Chan is also engaged in civic life. During the U.S. Census in 2010, he helped increase participation among the Chinese, Japanese, Thai, Laotian and Cambodian communities. His involvement in the census led him to co-found APAC (Asian Pacific American Coalition), a non-partisan organization designed to cultivate civic engagement in the Asian Pacific American community .

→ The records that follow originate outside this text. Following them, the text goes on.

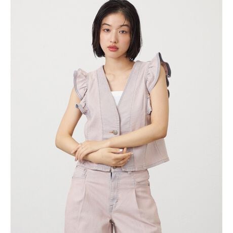 前後2WAYで着用が叶う、フリルスリーブビスチェ。袖のフリルデザインが、着こなしに華やかなアクセントを添えます。肩幅を小さめに設定することで、華奢見え効果を演出しながらも、フリルが気になる二の腕をさりげなくカバー。見た目の愛らしさだけでなく、体型を美しく見せることにも配慮したデザインです。その日のボトムスや気分に合わせて、異なる表情を楽しめる着回し力の高いアイテムです。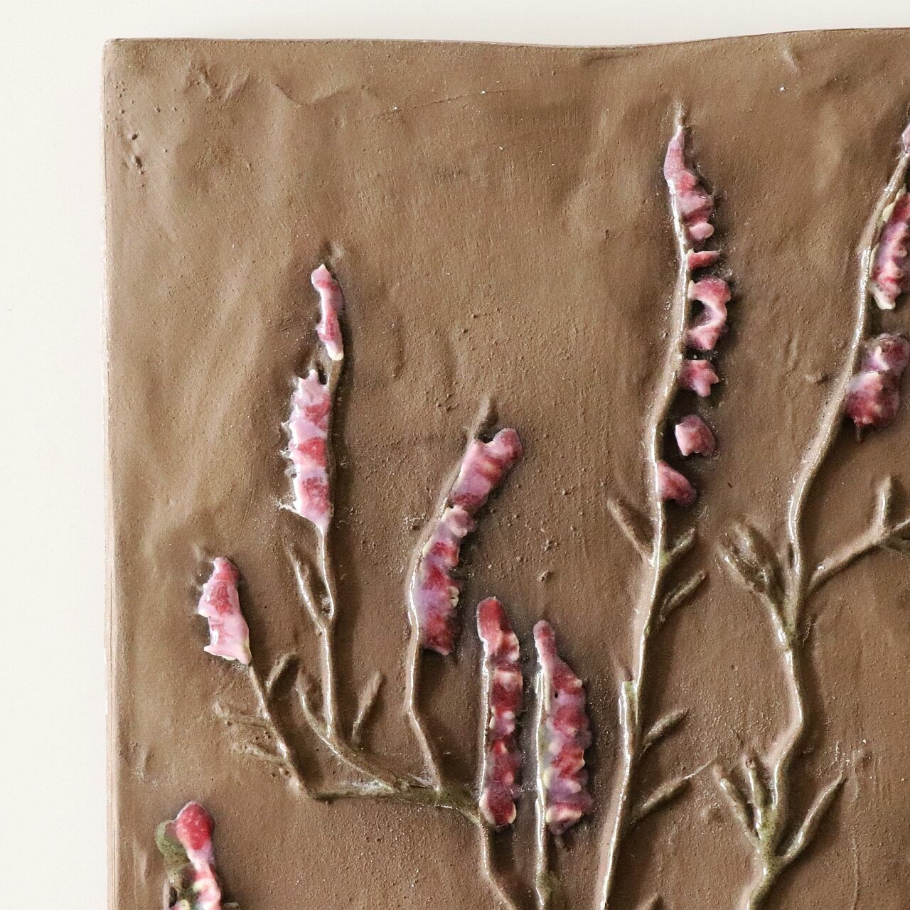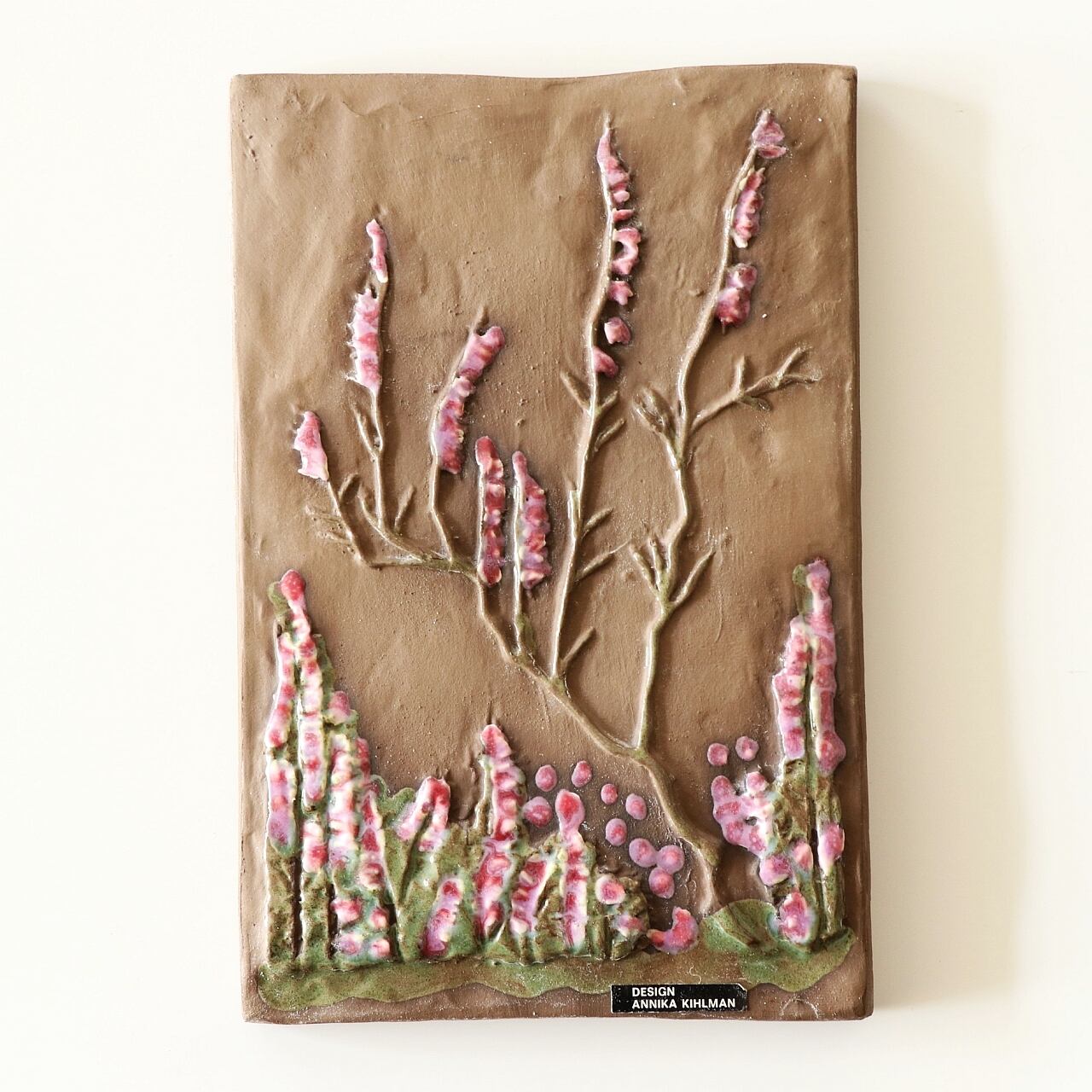 【c4161】ピンクの花の陶板(22.5㎝) [Jie Gantofta / Sweden]
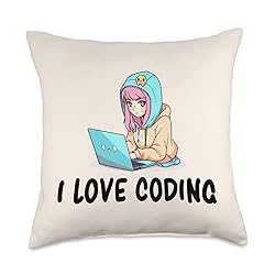 100% Polyester This programmer design features a kawaii and cute anime programmer and reads 'I Love Coding'. 100% spun-polyester fabric Double-sided print Filled with 100% polyester and sewn closed Individually cut and sewn by hand Spot clean/dry clean only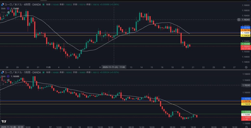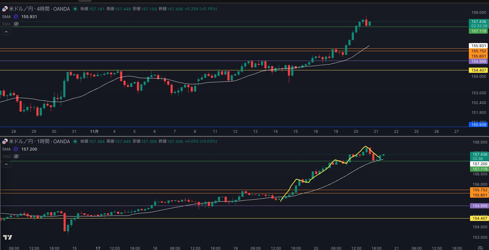 だが、4時間サポートと4時間SMAの推移を考えると微妙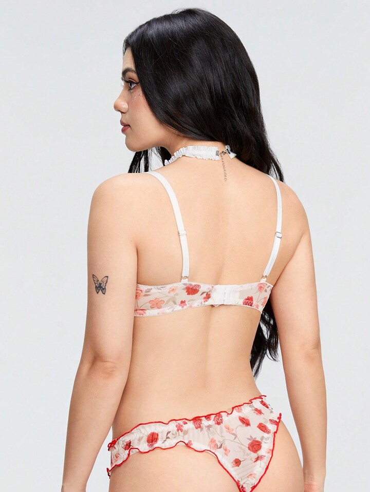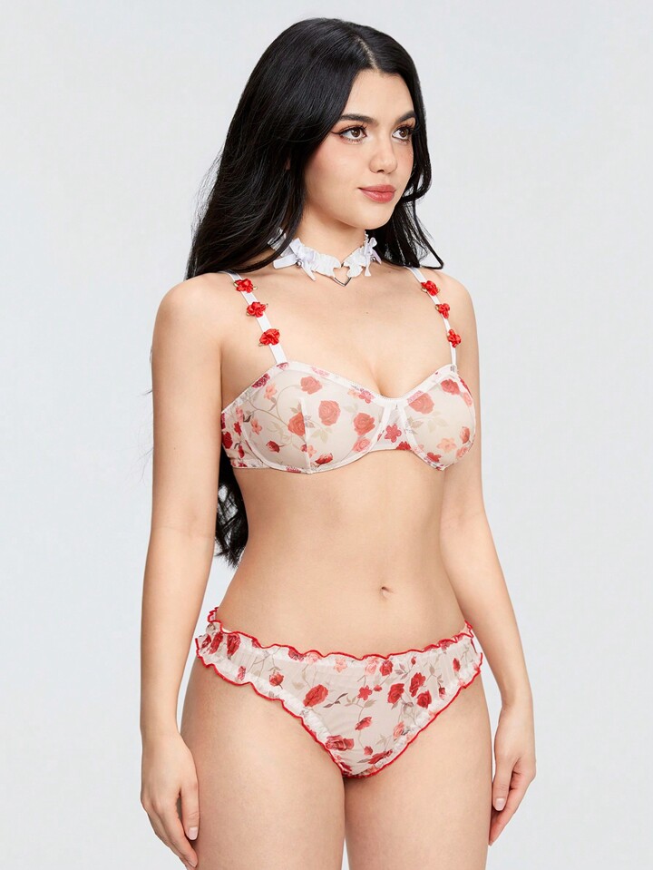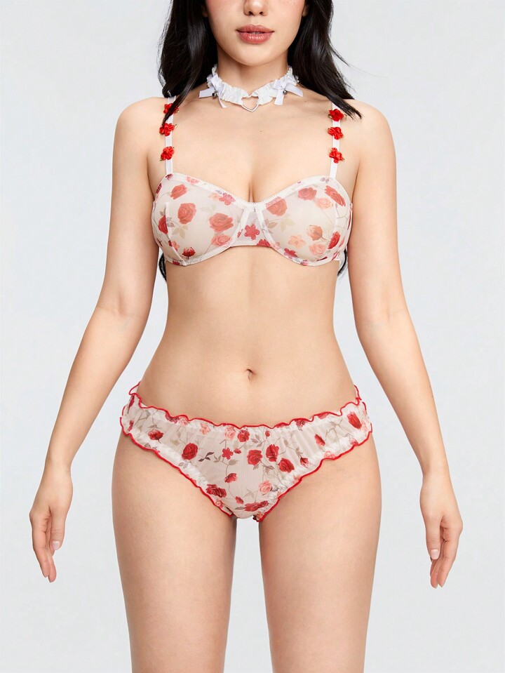 Kawaii 2pcs/Set Sexy See-Through Rose Decorated Floral Print Underwear Set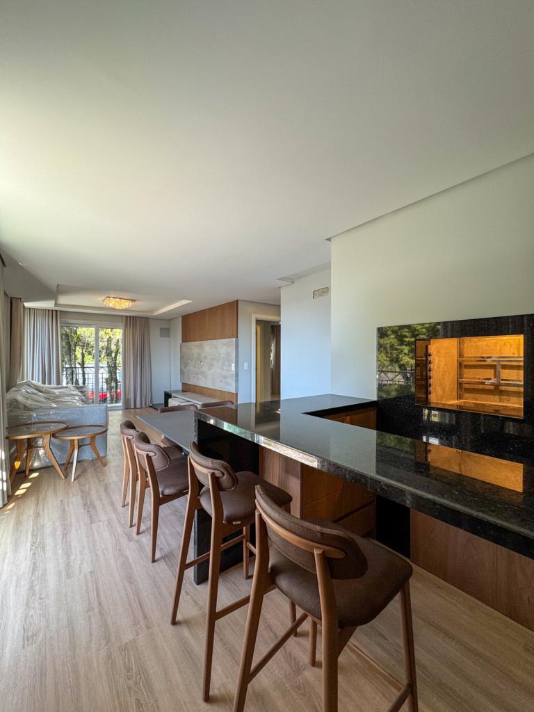 Apartamento de 02 suítes, com lavabo, cozinha integrada com churrasqueira, sala de estar e jantar. Espera de split e lareira. Localizado em Bairro residencial tranquilo a poucos minutos do Centro de Gramado.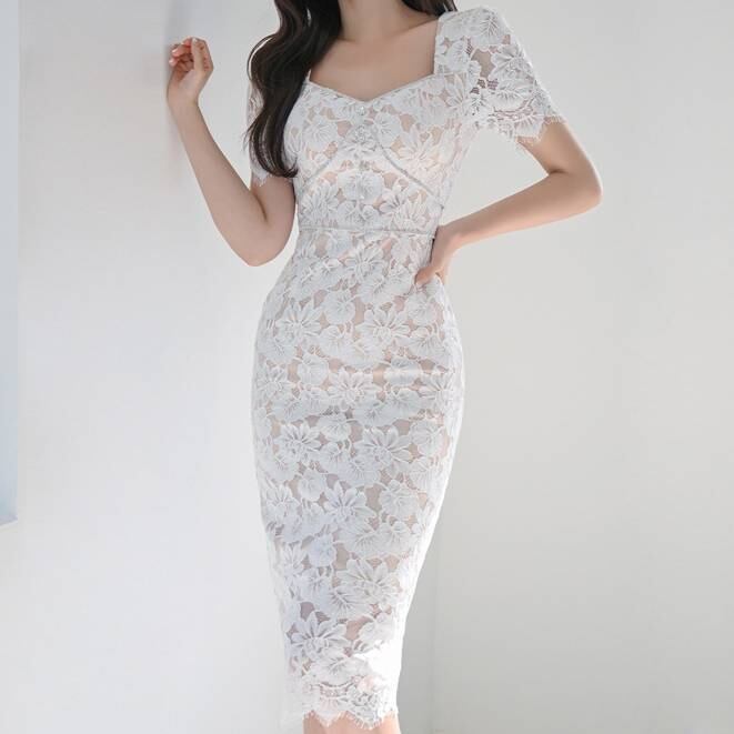 ホワイト ワンピース レディース レースワンピース フラワーレース タイトワンピース ミディ丈 エレガント 上品 清楚 韓国ファッション 春 夏 秋 結婚式 二次会 お呼ばれ デート 体型カバー 美シルエット 大人可愛い 高級感 トレンド 人気 ドレススタイル C-OSS0208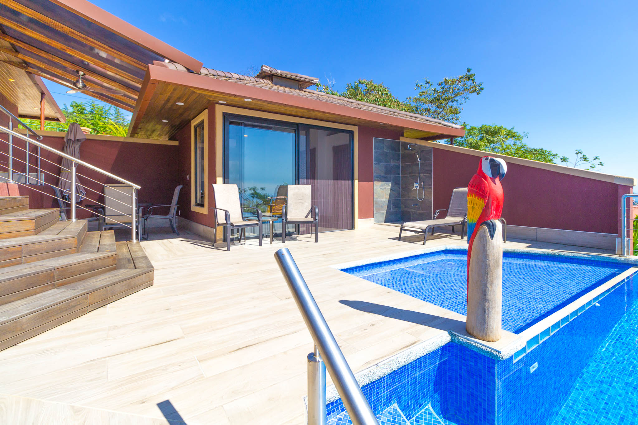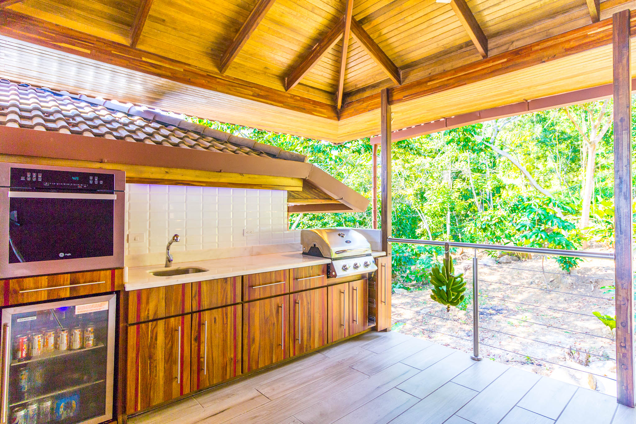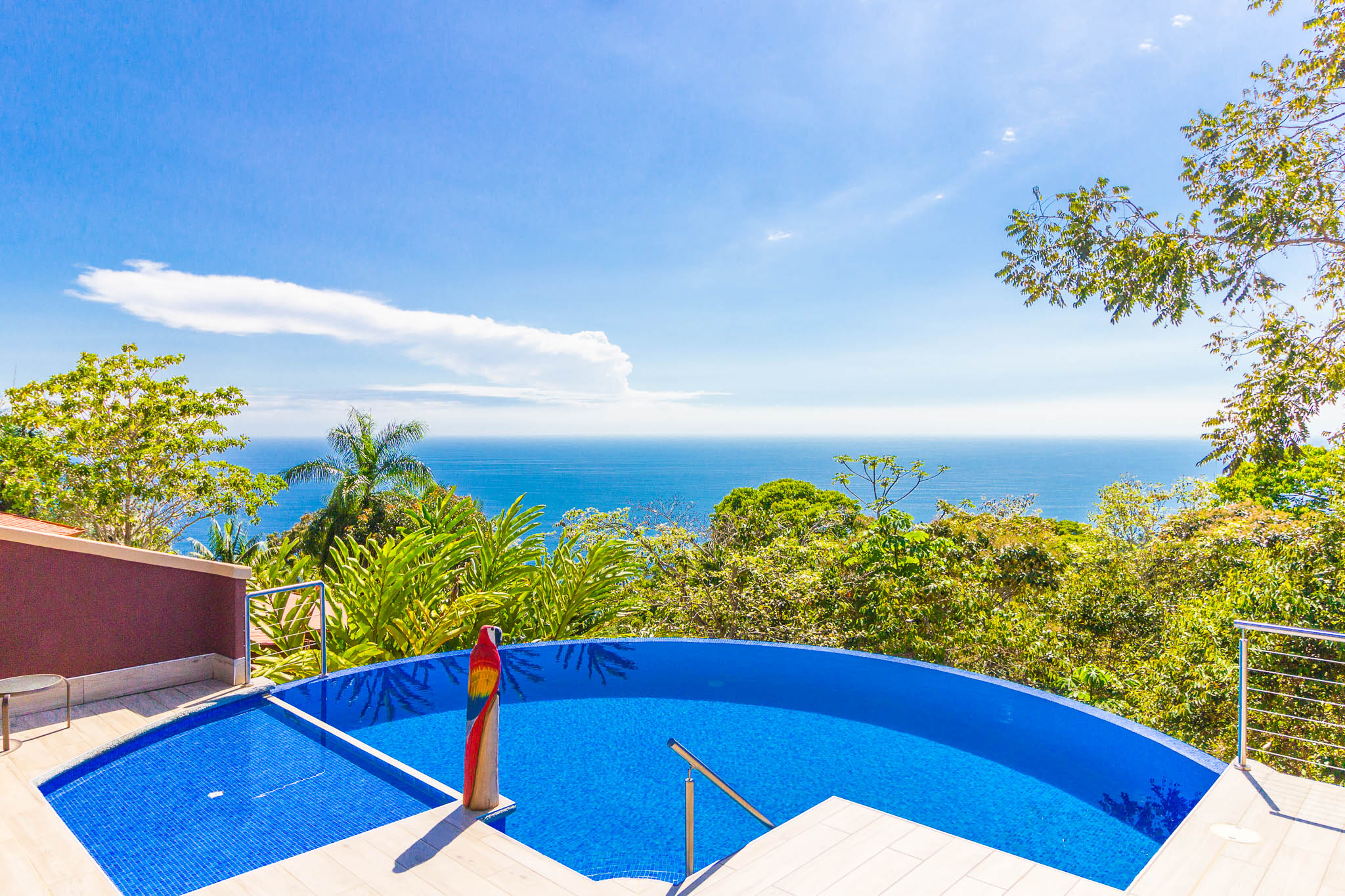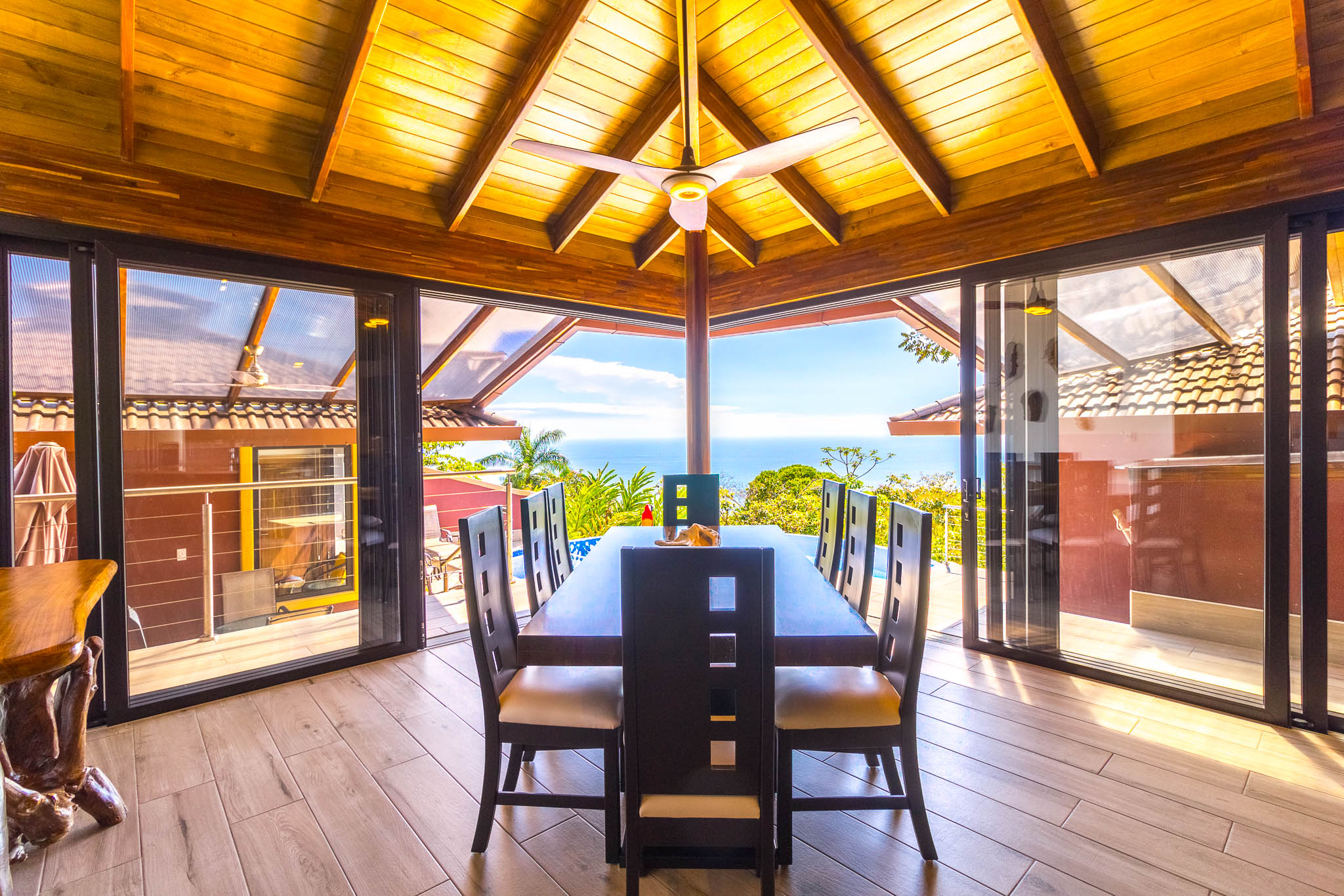 Enjoy unbelievable sunsets from the large infinity pool every day!\n\nThe unique design, painstakingly designed by a North American builder, includes a main open-concept living/kitchen/dining area, with a separate nook with bunk beds that kids are sure to love! The gourmet kitchen has high-end stainless-steel appliances, including a five-burner gas stove and cooktop, dishwasher, microwave, and refrigerator. A beautiful custom-made wooden dining table seats eight and has a prime view of the ocean and sunsets! The patio doors off the dining area open wide to let the indoor living space flow seamlessly into the outdoor living space, with a seating area, a full outdoor kitchen, and, of course, the amazing saltwater pool! \n\nThere are three full individual bedroom suites off the main area, each with beautiful floor-to-ceiling glass walls so that you can enjoy the view no matter which room you\'re in! The comfortable, spacious bedrooms are each their own individual cabina with ensuite bathrooms, including gorgeous, private outdoor showers, marble countertops, and ceramic basin sinks. The master bathroom also includes a luxurious soaking bathtub. Two bedrooms are just off the main area of the house and are just steps to the pool, while the third bedroom is across a charming walk bridge on a more private part of the property. \n\nThe attention to detail and design in this house is amazing. There is beautiful custom woodwork throughout the house, with teak stairs and walkways and acacia cabinetry, furniture, and beams throughout the house, with purple heart wood accents. The accordion screens and telescoping patio doors offer maximum flow throughout the house. Inset lights on the stairs and walkways give a soft glow at night. The fully fenced, .6-acre property is beautifully landscaped, and monkeys, toucans, and sloths regularly visit the property! The property has high-speed Internet, abundant storage, a dry room, and is conveniently located just a few minutes from the main highway in the prestigious Escaleras neighborhood. Close to Dominical and Uvita, everything you need is just minutes away, while you get to enjoy the peace and tranquility of this beautiful home! It is an oasis, but with all the modern conveniences you desire!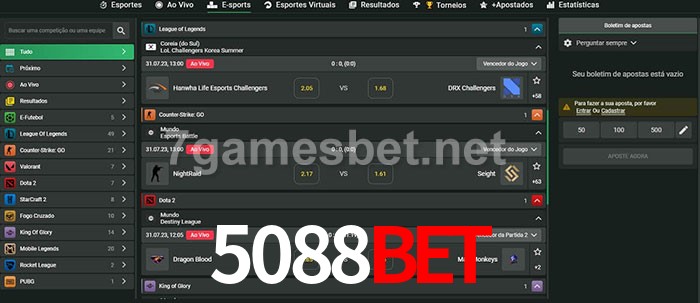 O 5088Bet oferece uma grande seleção de opções de apostas em e-sports com probabilidades competitivas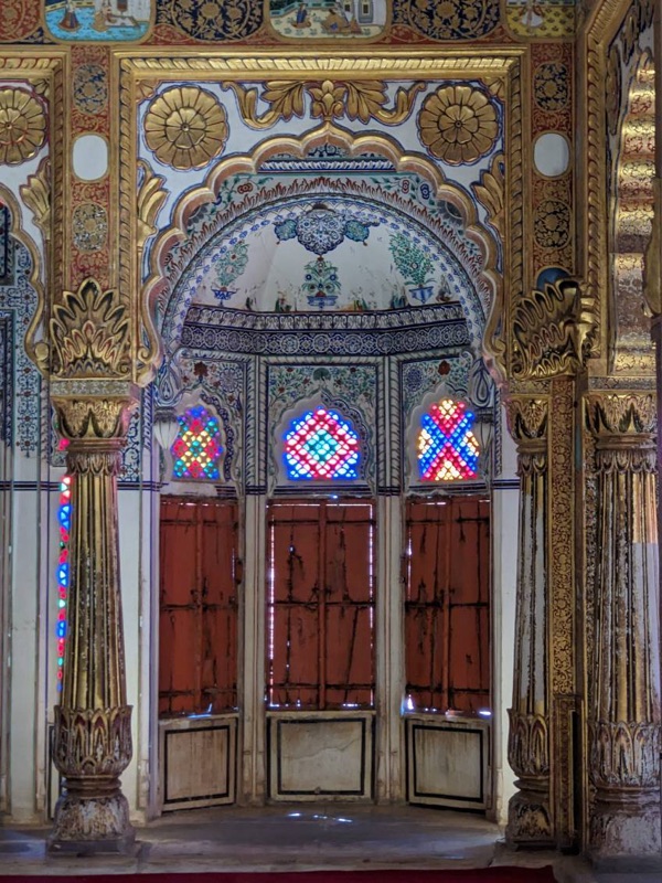 Sheesha Mahal- The Mirror Palace BedroomPhool Mahal- The Flower Palace (The stained glass was imported from Murano, Italy)The Flower PalaceMoti Mahal- The Pearl Palace This is where the Maharaja held court. It got its name because pearl dust from crushed pearls were used to finish the walls.Wives & harems had to be kept out of sight; but, they could view what was happening through these stone carved, lattice windows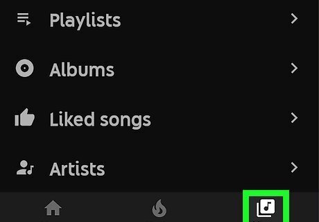 Tap the Library tab. The Library tab is the icon that resembles a music not on a stack of papers. It's in the lower-right corner of the YouTube Music app. This displays your library.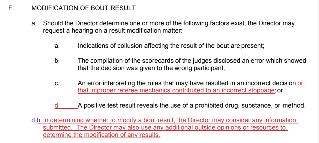 This is progressive. This is good for fighters. And this will even allow the commission to outsource the process to a third party body that does not have the inherent conflict of interest that a commission has reviewing the actions of their own officials.

"Right after the census job, we started to organize the community to present the case for Asian Pacific representation on the city council,” Chan explains. “We fought hard and succeeded in developing District 6, which includes portions of Rancho Penasquitos, Mira Mesa, Sorrento Valley, Miramar Base, Kearny Mesa, and Clairemont Mesa. This means, for the first time in San Diego history, we will have an Asian American City Council Representative representing an Asian Pacific community. The last time an Asian American served was Tom Hom councilman over 50 years ago, but he didn’t represent the Asian community."
Chan, who is married to wife, Janet, and has two daughters and two grandchildren, doesn't show any signs of slowing down. Plans are underway for the Inaugural Asian Pacific American Heritage Gala on May 23rd, to be hosted at Jasmine’s, and the restaurant recently participated in the Asian Cultural Festival of San Diego.
“Everything I have is because of the San Diego community," notes Chan. "It's just natural that I want to give back. I am very grateful that I had the opportunity to come to the U.S. and have a better life for myself and for my family. Doing charity work isn't only limited to people who are rich. We all can contribute our talent, our time, our money, whatever we can afford. When we join, united together, we can do something bigger.”